After six-and-a-half years of working as a teacher from six in the morning until five in the evening, Pushpa felt that the returns were diminishing and his life was moving nowhere. But migrating to Dubai for work was not his first choice. Like other urban-born and educated people, he had looked further west to the US for emigration. He had applied for master’s programmes in the US through an educational consultancy, but lost Rs 200,000 in the process. Frustrated, he started looking for opportunities elsewhere and found one in Dubai. In the literature on migrant workers, Pushpa is an anomaly, but also a part of an increasing phenomenon, in which urban youths have one eye fixed on the Gulf countries and the other further west, on Europe and North America, the preferred choices–either way, the goal is to leave, for which they can hardly be blamed.

“What’s here? Nothing? First, with the jobs that we hold, we can never amass enough capital to start our own business. And if we have already started a business, you know the situation in the country. The business soon stagnates,” says Pushpa, leaving me to guess what he’s trying to get across. But I have a general idea about what he means by “the situation in the country”.

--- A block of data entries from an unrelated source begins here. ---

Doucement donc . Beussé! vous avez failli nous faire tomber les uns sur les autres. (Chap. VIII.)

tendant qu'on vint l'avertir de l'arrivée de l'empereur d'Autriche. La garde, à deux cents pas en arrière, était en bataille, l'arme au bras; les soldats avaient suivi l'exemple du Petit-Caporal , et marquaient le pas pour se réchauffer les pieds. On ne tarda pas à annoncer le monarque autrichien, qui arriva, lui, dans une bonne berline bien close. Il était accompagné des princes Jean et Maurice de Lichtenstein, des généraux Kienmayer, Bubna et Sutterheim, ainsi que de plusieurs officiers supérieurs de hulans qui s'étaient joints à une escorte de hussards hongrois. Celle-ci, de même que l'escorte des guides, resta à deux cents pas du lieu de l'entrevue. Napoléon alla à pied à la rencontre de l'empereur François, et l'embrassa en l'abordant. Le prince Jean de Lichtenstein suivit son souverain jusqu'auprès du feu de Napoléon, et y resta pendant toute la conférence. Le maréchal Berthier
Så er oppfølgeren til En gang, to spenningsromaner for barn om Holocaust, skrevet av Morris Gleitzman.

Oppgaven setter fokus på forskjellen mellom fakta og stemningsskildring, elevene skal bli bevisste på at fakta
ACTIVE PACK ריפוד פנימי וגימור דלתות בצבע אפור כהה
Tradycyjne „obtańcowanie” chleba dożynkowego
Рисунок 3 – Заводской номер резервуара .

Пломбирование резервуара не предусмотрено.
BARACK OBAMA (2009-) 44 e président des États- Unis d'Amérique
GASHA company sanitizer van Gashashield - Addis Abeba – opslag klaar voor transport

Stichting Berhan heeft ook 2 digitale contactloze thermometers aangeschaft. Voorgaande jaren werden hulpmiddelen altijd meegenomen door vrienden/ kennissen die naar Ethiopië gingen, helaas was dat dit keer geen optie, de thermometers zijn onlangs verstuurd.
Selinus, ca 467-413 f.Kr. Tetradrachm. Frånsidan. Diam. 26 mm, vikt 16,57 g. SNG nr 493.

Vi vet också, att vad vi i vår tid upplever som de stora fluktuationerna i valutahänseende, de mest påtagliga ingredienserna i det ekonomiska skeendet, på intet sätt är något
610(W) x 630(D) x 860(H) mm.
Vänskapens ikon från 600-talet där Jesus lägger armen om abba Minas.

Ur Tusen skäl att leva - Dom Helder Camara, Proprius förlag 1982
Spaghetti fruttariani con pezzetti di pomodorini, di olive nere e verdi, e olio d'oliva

Our culture has become such that toiling on foreign soil is preferred over doing the same here. A person’s stories of travel, whether by choice or not, are seen as marks of prestige, of wealth and power–harkening to the days when lahures started enlisting in the British/Indian armies. When people talk about people who are abroad, there is nothing but admiration in their voice, the kind of admiration that brings feelings of inferiority in the ones listening, the kind that gently presses the listeners to plan their own exit.

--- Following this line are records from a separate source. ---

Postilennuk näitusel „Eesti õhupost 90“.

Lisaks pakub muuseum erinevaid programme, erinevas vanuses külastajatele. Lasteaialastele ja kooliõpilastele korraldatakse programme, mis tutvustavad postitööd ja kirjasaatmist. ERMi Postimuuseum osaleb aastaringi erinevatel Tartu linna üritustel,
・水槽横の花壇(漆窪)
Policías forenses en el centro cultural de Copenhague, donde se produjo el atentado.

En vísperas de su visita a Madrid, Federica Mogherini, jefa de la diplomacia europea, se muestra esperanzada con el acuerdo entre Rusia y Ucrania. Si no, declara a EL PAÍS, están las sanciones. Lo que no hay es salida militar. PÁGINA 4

“Yeha basera kaam chhaina,” is a refrain one hears over and over again, and once one hears it enough times from enough number of people, it starts to feel true. Photos of friends, cousins, neighbours’ children or acquaintances in front of the Petronas Twin Towers then become objects of envy. Migration scholars and researchers are yet to study the trend of urban youths migrating to the Gulf countries and Malaysia for work. But they and people like Pushpa do not want to say outright that peer pressure or the culture of migration is one of the factors driving youths abroad. That narrative gives a negative spin to a phenomenon that is as old as human history. Instead, they call it the ‘demonstration effect’. People like Pushpa (when I met him a month ago in a small room in Dhalkho, there were four other men with experiences similar to his) point at the dwindling opportunities, perceived or real, here in the country.

They have all seen what people can achieve here with the money they make abroad. As a friend once said, “As long as there is someone abroad sending back money, life here is prettier. You don’t have to, for example, worry about falling ill and not having money for treatment.” Pushpa makes over Rs 130,000 a month in Dubai. He does not want to disclose exactly how much of this money he saves, but he says he does put away some–because the reasons he could not save here in Nepal do not exist there in Dubai.

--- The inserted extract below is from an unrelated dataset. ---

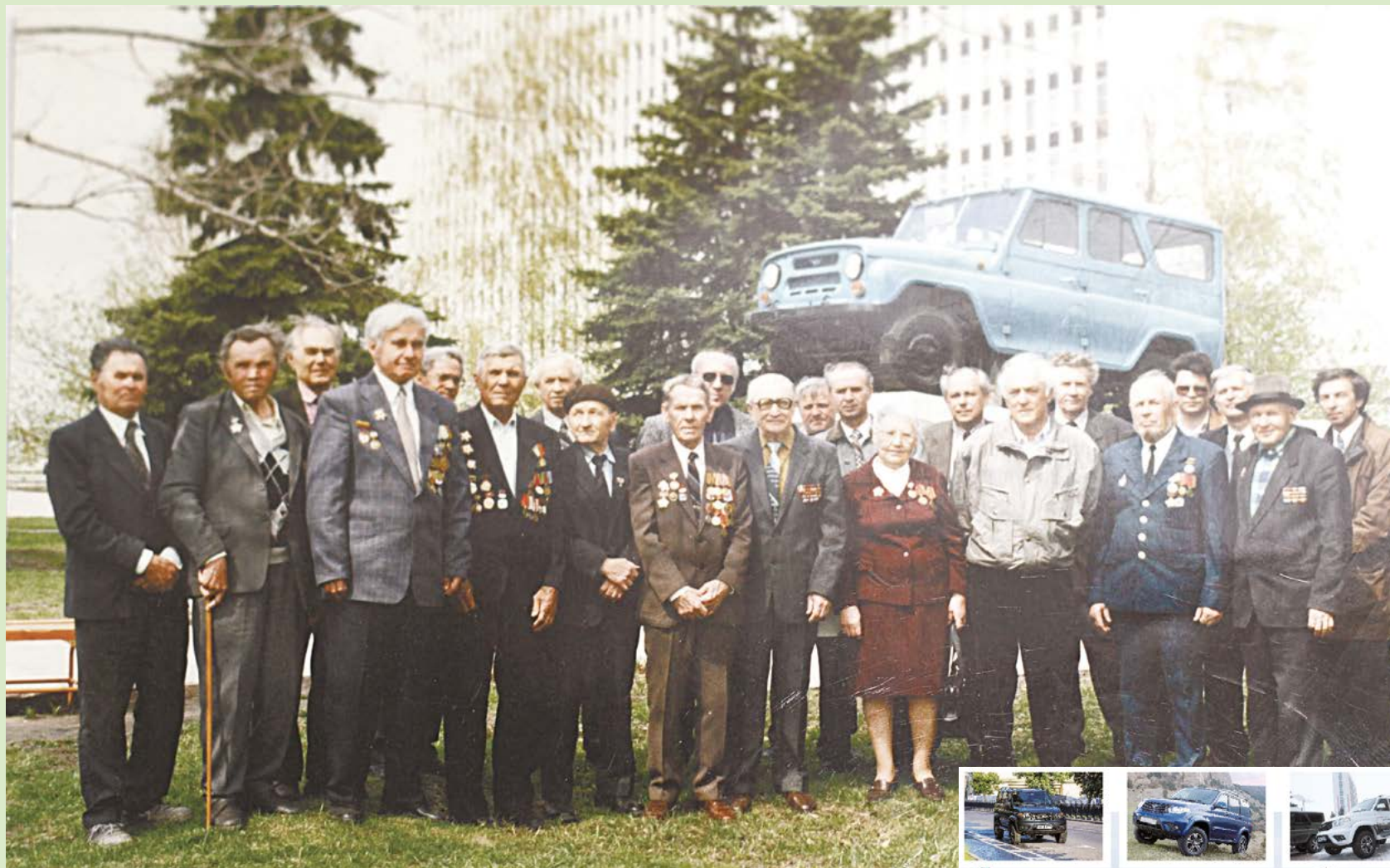
▶ Ветераны управления главного конструктора. Начало 2000-х годов.

“You have friends here, whom you meet every single day and have beer with. There, as long as you remain a teetotaller, you save.” His younger brother, Sunil, who had spent a year in Qatar, agrees with him on this. As Pushpa flips through the pictures saved on his mobile phone, he shows me photos of himself in front of a rack of personal care products he stacked in a supermarket. He says life in Dubai is much better than the one he lived here. When one hears harrowing stories of migrant labourers exploited at the hands of agents and employers alike, statements like his sound exaggerated. But Amina Maharjan, a Livelihood Specialist (Migration) at ICIMOD, says that educated migrants like Pushpa have better career prospects abroad.

“Their education and knowledge of English helps,” says Maharjan. “As does the motivation to do anything to stay afloat,” says Sunil. He is planning to soon migrate to Denmark and join his wife, who is studying hotel management there. “I wouldn’t do my own dishes here in Nepal, but there if I have to, I will become a DJ. Not a disc jockey, but the kind who washes dishes in restaurants,” he laughs, revealing unintentionally how strong the dream of leaving is.